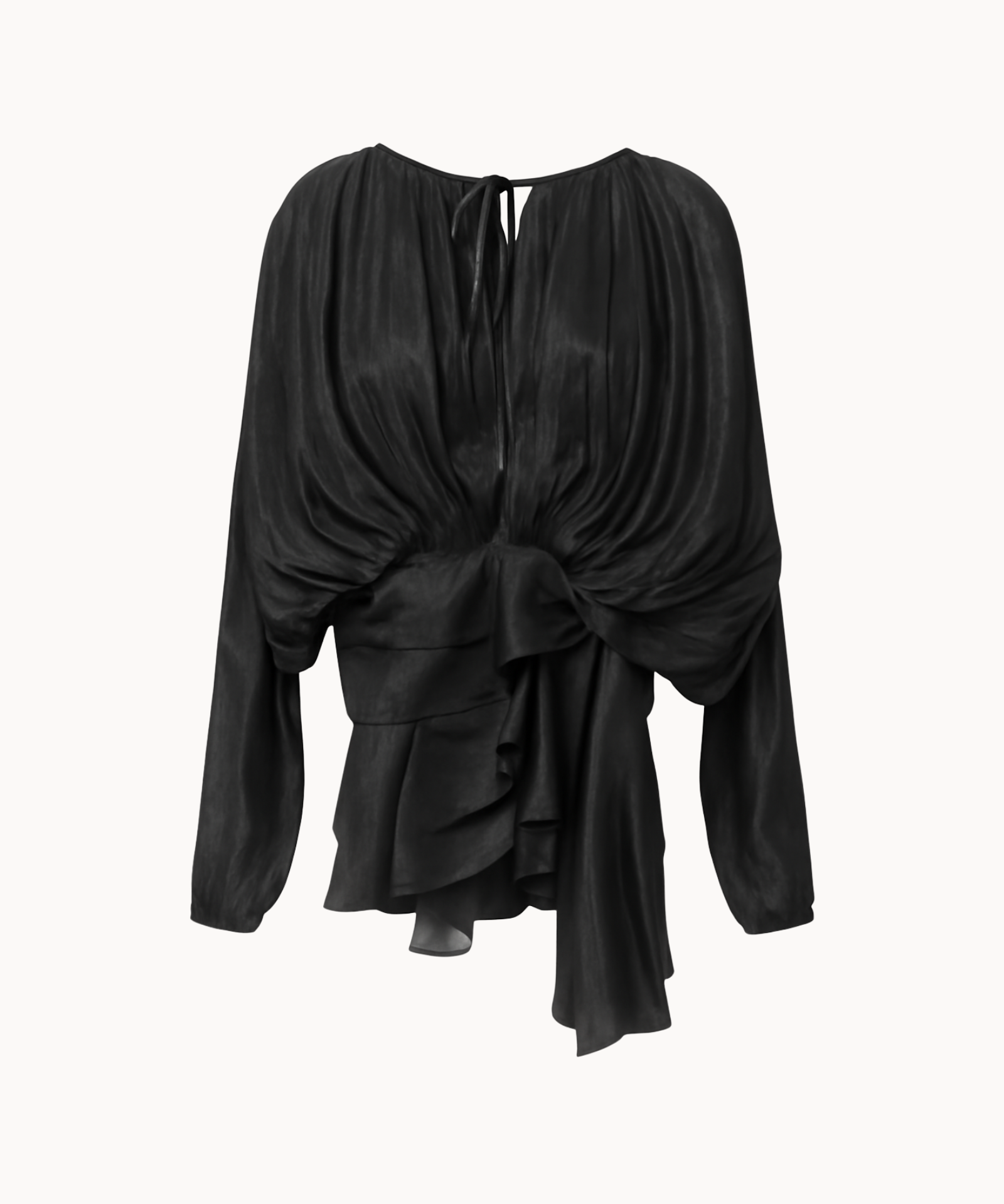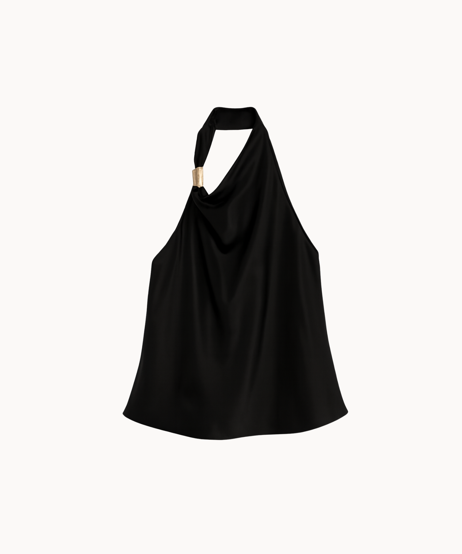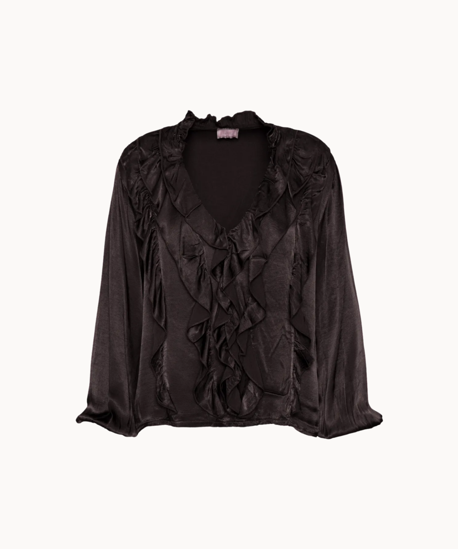 Asymmetrisk Satin Top - Ternet Mørkebrun
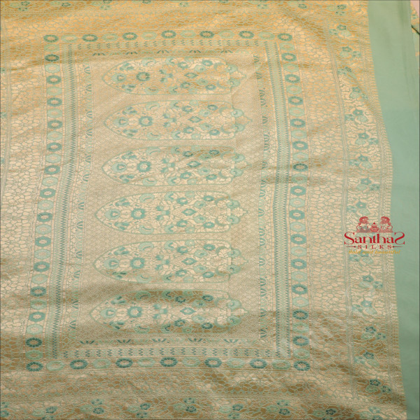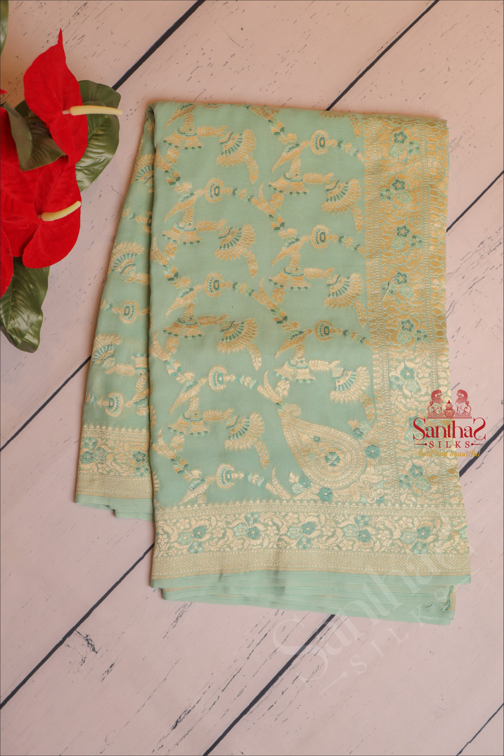 GEORGETTE BANARAS SILK SAREE IN PASTEL BLUE COLOUR WITH SELF COLOUR BLOUSE
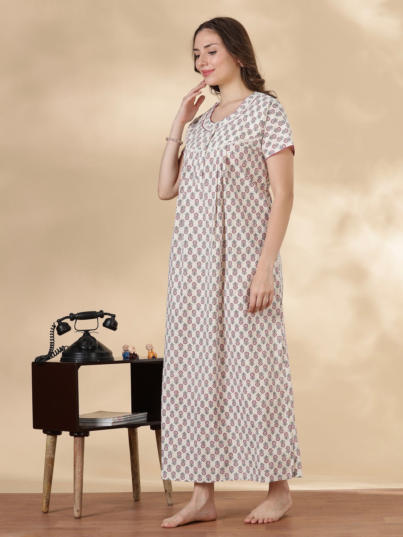 This pure cotton nighty for women features a soothing lilac floral print that brings calmness and style together. Designed for everyday wear, it offers breathable comfort and a relaxed silhouette perfect for lounging or sleeping.
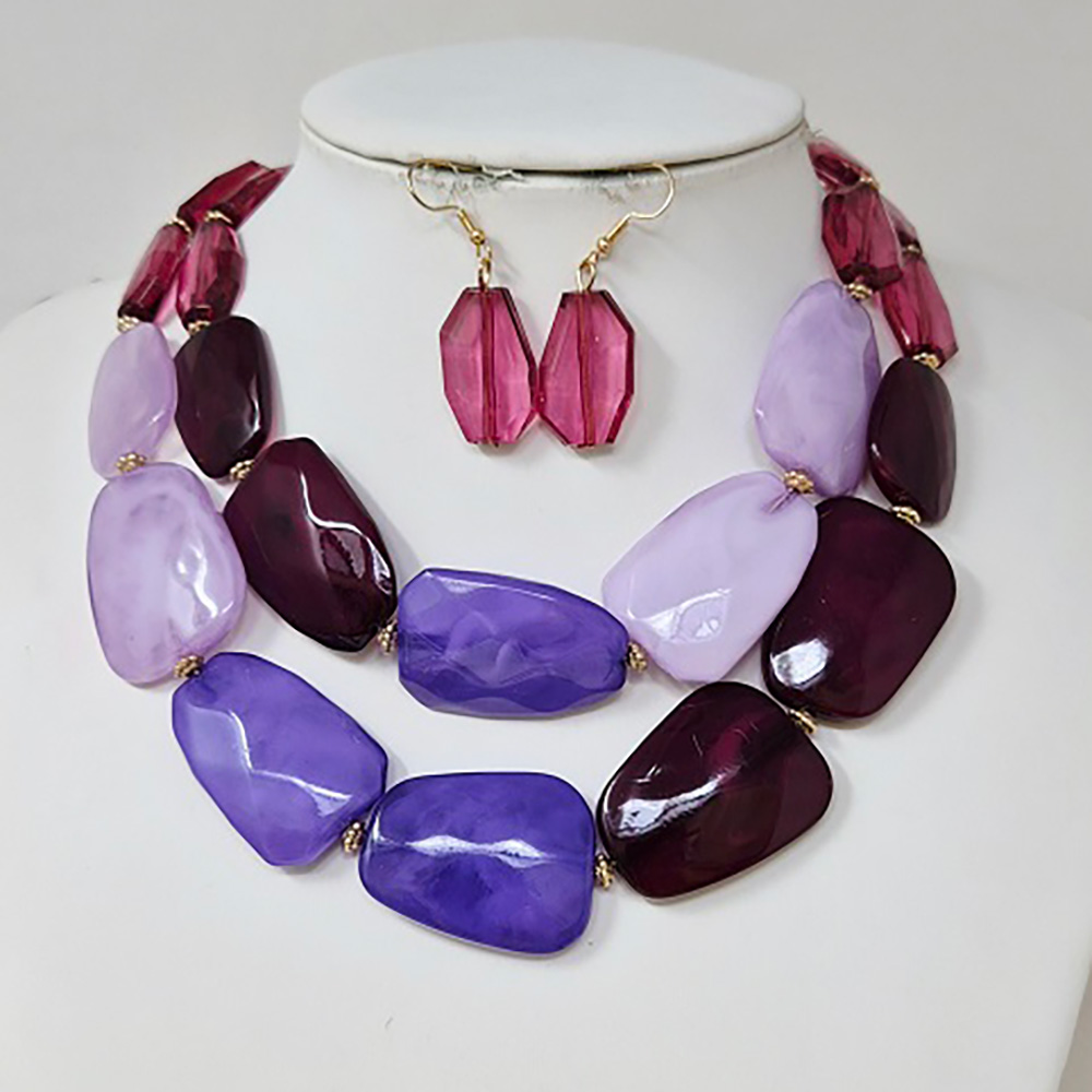 Details • Necklace Size : 17.5" + 3" L • Decor Size : 2" L • Earrings Size : 2" L • Elevate your look with this chunky beaded statement necklace set featuring bold beads in neutral tones of black, white, and smoky brown. Complete with matching drop earrings, this versatile set adds sophistication to both formal attire and chic everyday outfits. • Lead and Nickel Compliant
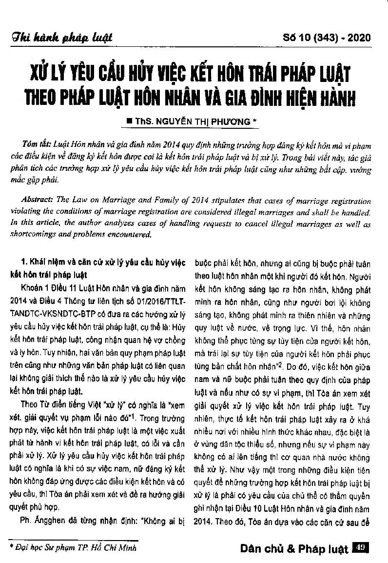 Xử lý yêu cầu hủy việc kết hôn trái pháp luật theo pháp luật hôn nhân và gia đình hiện hành. = Handling requests to cancel illegal marriages in accordance with current law on marriage and family.
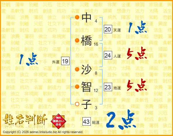 中(4画)橋(16画) 沙(8画)智(12画)子(3画)
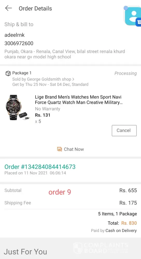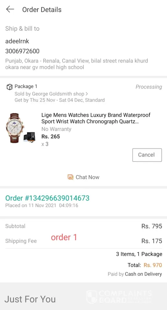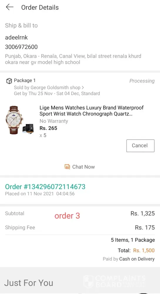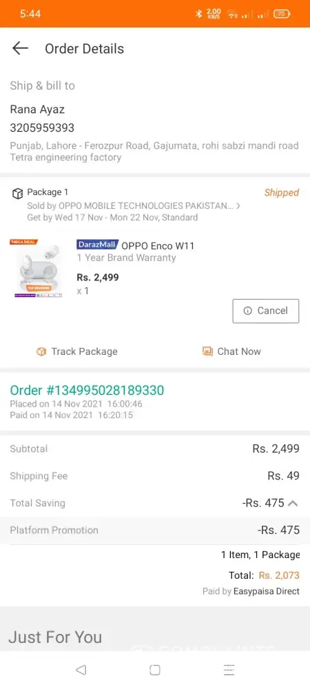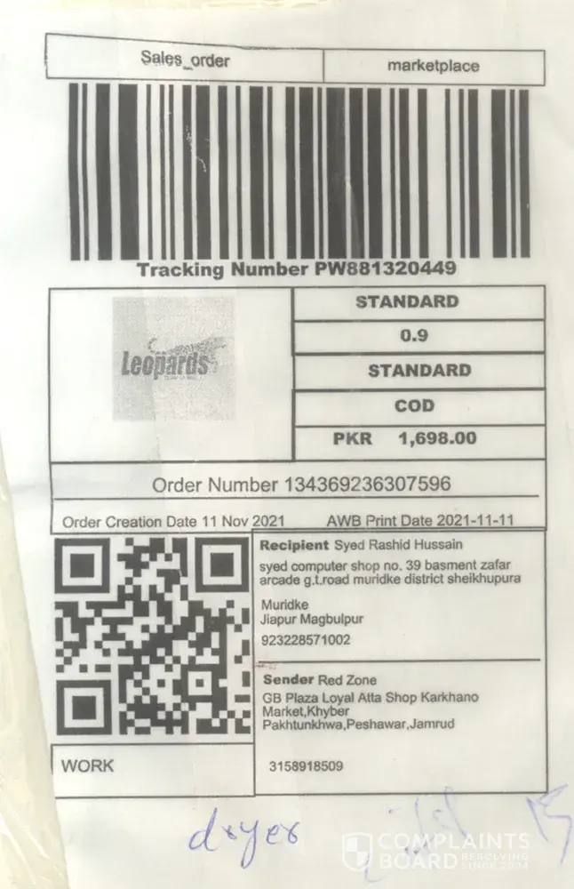 I placed my order via Daraz app which was received by my TCS office Nawabshah City on Saturday 23/10/2021 and I requested the said office to kindly provide the stuff in time (Call History screen shot is provided).
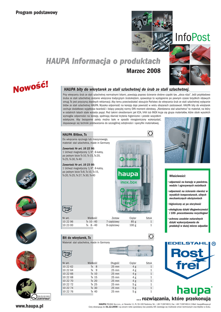 Program podstawowy InfoPost HAUPA Informacja o produktach Marzec 2008 ! ć ś o w No HAUPA bity do wkrętarek ze stali szlachetnej do śrub ze stali szlachetnej. Przy wkręcaniu śrub ze stali szlachetnej normalnymi bitami, powstają poprzez ścieranie drobne cząstki tzw. „obca rdza”. Jeśli przykładowo śruba ze stali szlachetnej zostanie wkręcona tradycyjnym śrubokrętem, spowoduje to wystąpienie po pewnym czasie brzydkich rdzawych smug. To jest przyczyną zbędnych reklamacji. Aby temu przeciwdziałać stosujcie Państwo do wkręcania śrub ze stali szlachetnej wyłącznie bitów ze stali szlachetnej HAUPA. Wysoka odporność na korozję daje pewność w wielu obszarach zastosowań. HAUPA bity do wkrętarek cechuje dodatkowo wyjątkowa twardość i leżący powyżej normy DIN moment obrotowy. „Nierdzewna stal szlachetna” to materiał, na który w ostatnich latach stale wzrasta popyt. Pod takimi określeniami jak V2A, V4A lub INOX kryje się grupa materiałów, które obok wysokich wymogów odporności na korozję, spełniają również kryteria higieniczne i przede wszystkim estetyczne. Aby bezsporne zalety można było w sposób nieograniczony wykorzystać, dopasowuje się techniki przetwarzania do szczególnej odrębności i specyfiki materiałowej. HAUPA Bitbox, Tx Do wkręcania ręcznego lub maszynowego, materiał: stal szlachetna, made in Germany Zawartość Nr art. 10 22 96: 1 Uchwyt magnetyczny 1/4", 6-katny, po jednym bicie Tx 10, Tx 15, Tx 20, Tx 25, Tx 30, Tx 40 Zawartość Nr art. 10 23 00: 1 Uchwyt magnetyczny 1/4", 6-katny, po jednym bicie Tx 8, Tx 10, Tx 15, Tx 20, Tx 25, Tx 27, Tx 30, Tx 40 Właściwości: •odporność na korozję w powietrzu, wodzie i agresywnych nośnikach •odporność na ścieranie również w wysokich temperaturach, silnych mechanicznych obciążeniach •higieniczny aż po sterylność •ekologiczny dzięki długowieczności i 100- procentowemu recyclingowi Nr art. 10 22 96 10 23 00 Wielkość Tx 10 – 40 Tx 8 – 40 Zestaw 7-częściowy 9-częściowy Ciężar 85 g 100 g Sztuk 1 1 Ciężar 4g 4g 4g 4g 4g 5g 5g 5g Sztuk 1 1 1 1 1 1 1 1 •ochrona zasobów naturalnych dzięki wykorzystywaniu do produkcji w dużej mierze odpadów Bit do wkrętarek, Tx Materiał: stal szlachetna, made in Germany Nr art. 10 22 62 10 22 64 10 22 66 10 22 68 10 22 70 10 22 72 10 22 74 10 22 76 Q DIN EN ISO 9001 ZERTIFIKAT www.haupa.pl Wielkość Tx 8 Tx 9 Tx 10 Tx 15 Tx 20 Tx 25 Tx 30 Tx 40 Długość 25 mm 25 mm 25 mm 25 mm 25 mm 25 mm 25 mm 25 mm ... rozwiązania, które przekonują HAUPA POLSKA Sp.z.o.o., ul. Norwida 11, PL 55-100 Trzebnica, Tel.: +48 713874813, Fax: +48 713874814, E-Mail: [email protected] Ceny obowiązują do 31.12.2008 i są cenami netto sprzedawcy bez podatku VAT. Zastrzega się możliwość zmian technicznych oraz błędów w druku. HAUPA bity do wkrętarek ze stali szlachetnej InfoPost HAUPA Bitbox, Phillips + Pozidriv HAUPA Bitbox, zew. sześciokąt Do wkręcania ręcznego lub maszynowego, materiał: stal szlachetna, made in Germany Do wkręcania ręcznego lub maszynowego, materiał: stal szlachetna, made in Germany Zawartość Nr art. 10 22 98: 1 Uchwyt magnetyczny 1/4", 6-katny, po jednym bicie PH 1 + 2 + 2 + 3 i po jednym bicie PZ 1 + 2 + 2 + 3 Zawartość Nr art. 10 23 04: 1 Uchwyt magnetyczny 1/4", 6-katny, po jednym bicie 2 + 2,5 + 3 + 4 + 5 + 6 Zawartość Nr art. 10 23 02: 1 Uchwyt magnetyczny 1/4", 6-katny, po jednym bicie PH 1 + 2 + 3 i po jednym bicie PZ 1 + 2 + 3 Nr art. 10 22 98 10 23 02 Wielkość 1–2–2–3 1–2–3 Zestaw 9-częściowy 7-częściowy Ciężar 100 g 85 g Sztuk 1 1 Nr art. 10 23 04 Wielkość 2–6 Zestaw 7-częściowy Ciężar 85 g Sztuk 1 Ciężar 4g 4g 4g 4g 4g 5g 5g 5g 5g Sztuk 1 1 1 1 1 1 1 1 1 Bit do wkrętarek, zew. sześciokąt Bit do wkrętarek, Phillips Materiał: stal szlachetna, made in Germany Materiał: stal szlachetna, made in Germany Nr art. 10 22 50 10 22 52 10 22 54 Wielkość PH 1 PH 2 PH 3 Długość 25 mm 25 mm 25 mm Ciężar 4g 4g 5g Sztuk 1 1 1 Bit do wkrętarek, Pozidriv Materiał: stal szlachetna, made in Germany Nr art. 10 22 78 10 22 80 10 22 82 10 22 84 10 22 86 10 22 88 10 22 90 10 22 92 10 22 94 Wielkość 2 2,5 3 4 5 6 7 8 9 Długość 25 mm 25 mm 25 mm 25 mm 25 mm 25 mm 25 mm 25 mm 25 mm Przy wkręcaniu śrub ze stali szlachetnej przy pomocy normalnych bitów, powstaje poprzez ścieranie drobny pył, tzw. obca rdza. Nr art. 10 22 56 10 22 58 10 22 60 Wielkość PZ 1 PZ 2 PZ 3 Długość 25 mm 25 mm 25 mm Ciężar 4g 4g 5g Sztuk 1 1 1 W związku z tym ważne jest, aby • narzędzi ze stali nierdzewnej nigdy nie przechowywać z narzędziami ze stali „tradycyjnej” • nie używać do wkręcania śrub ze stali „tradycyjnej” W przeciwnym razie nastąpi „skażenie”, które doprowadzić może do wspomnianych wyżej problemów. Pieczątka firmowa Hurtownia elektryczna: www.haupa.pl ... rozwiązania, które przekonują HAUPA POLSKA Sp.z.o.o., ul. Norwida 11, PL 55-100 Trzebnica, Tel.: +48 713874813, Fax: +48 713874814, E-Mail: [email protected] Ceny obowiązują do 31.12.2008 i są cenami netto sprzedawcy bez podatku VAT. Zastrzega się możliwość zmian technicznych oraz błędów w druku.

* WORK TO COMPLETE *
From the line holding "Xử lý yêu cầu" to the line holding "中(4画)橋(16画) 沙(8画)智(12画)子(3画)", both included, retype the entries above exactly and drop the pictures.

* EXERCISE ANSWER *
 Xử lý yêu cầu hủy việc kết hôn trái pháp luật theo pháp luật hôn nhân và gia đình hiện hành. = Handling requests to cancel illegal marriages in accordance with current law on marriage and family.
 中(4画)橋(16画) 沙(8画)智(12画)子(3画)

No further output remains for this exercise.